85 to 59, so please share it around! Thanks


----------



## Fuzzy Modem (Dec 7, 2012)

Now on reddit: http://www.reddit.com/r/indiecinema...kan_film_makers_frozen_youtube_a_scifi_short/



Please "up vote" it!


----------



## Starbeast (Dec 8, 2012)

Very cool Fuzzy Modem, great story and effects.

It was hard to find on Youtube, but after some time I located it.

If anyone else is having trouble finding it on Youtube, type: Fuzzy Modem

Then hit search. Once there, you will notice other items posted by Fuzzy Modem, just click onto his name and you will find his channel.


----------



## Brian G Turner (Dec 9, 2012)

Yep, I "liked" on YouTube.


----------



## Fuzzy Modem (Dec 10, 2012)

I won the vote on youtube! My film screened at the Anchorage International Film Festival, and I got a pass that let me into the after party! I drank a lot of free booze and rubbed elbows with other film makers and producers, several of which showed interest in CrossOver and took copies of my screenplay for the pilot episode.

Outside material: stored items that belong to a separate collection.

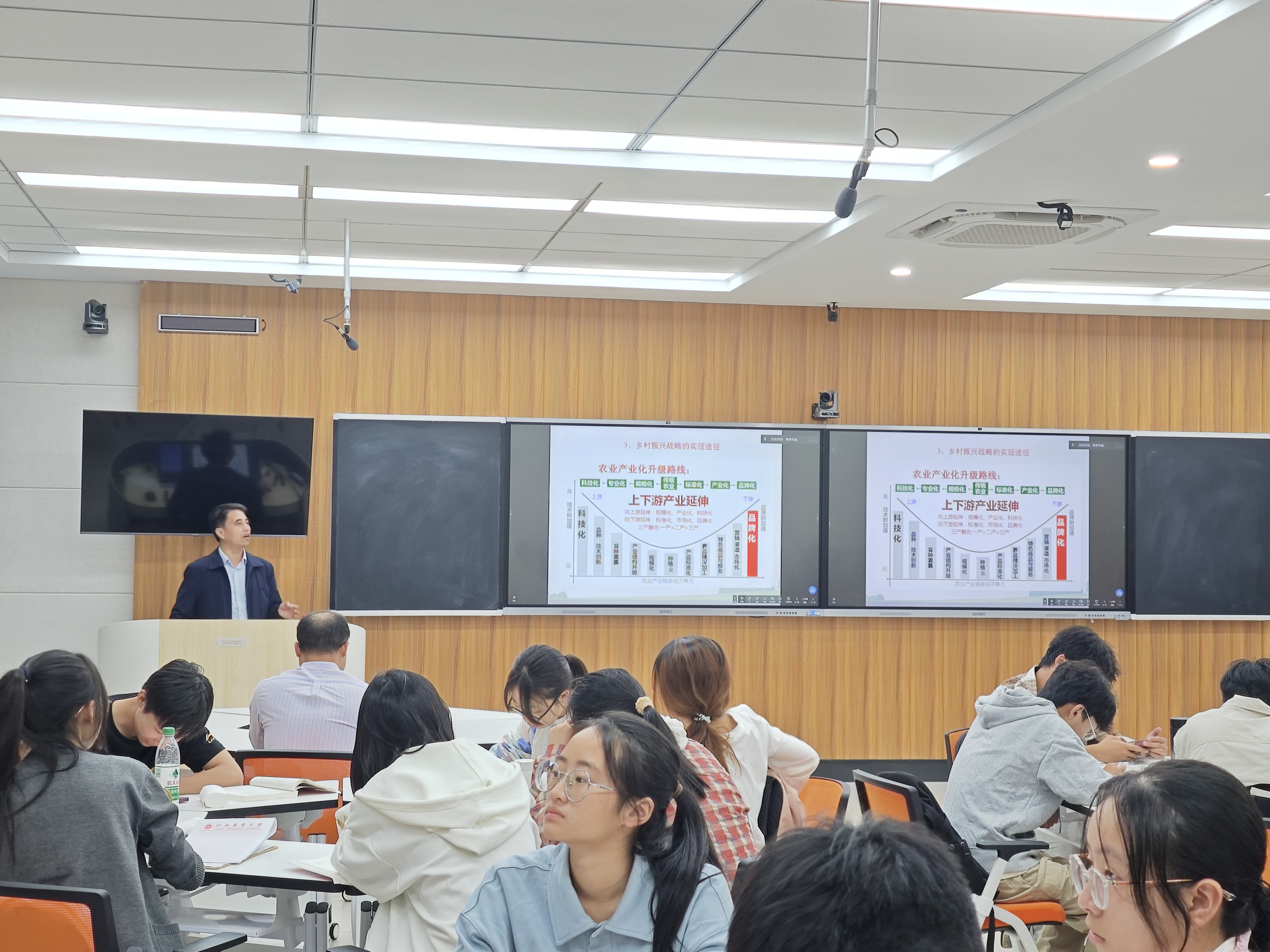 曾勇军经理围绕“农业科技创新与高质量发展”主题,用通俗易懂的语言、生动的例子讲解了农业科技创新的过程与特征、农业科技创新的类型与特点、农业科技创新与高质量发展。同时,介绍了学校作物学科在服务农业科技创新、建设农业强国等方面取得的成效。
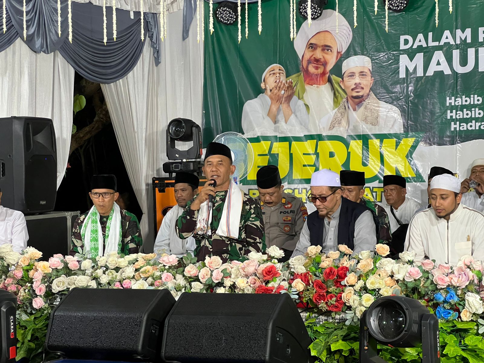 ‘’Selain menjaga keamanan, kami TNI dan Polri adalah aparat yang menjaga keimanan. Sehingga apabila ada undangan bersholawat, selagi tidak ada tugas khusus maka pasti akan datang untuk bergabung bersama aparat penjaga keimanan semuanya,’’ bebernya.
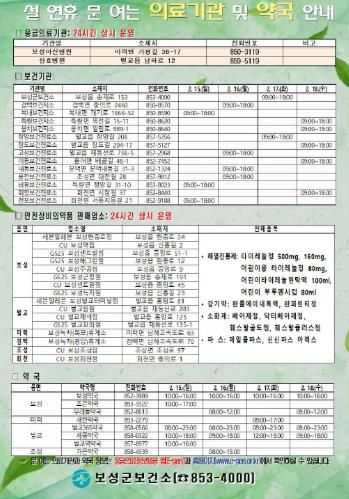 한편, 설 연휴 기간 시설 운영 및 휴관 정보는 보성군청 누리집에서 확인할 수 있으며, 생활 불편 사항은 종합상황실 및 읍면사무소(행정복지센터)로 문의하면 된다.

Thanks so much to everyone that voted! You guys rock!


----------



## Fuzzy Modem (Dec 11, 2012)

Yeah, it's nice being the only "Fuzzy Modem"

You guys have any suggestions for the director's cut?


----------



## atmobeam (May 18, 2013)

nice work dude!


----------



## TheTomG (May 18, 2013)

Nice stuff, I like the horror of the situation. Hope there is indeed more to come!


----------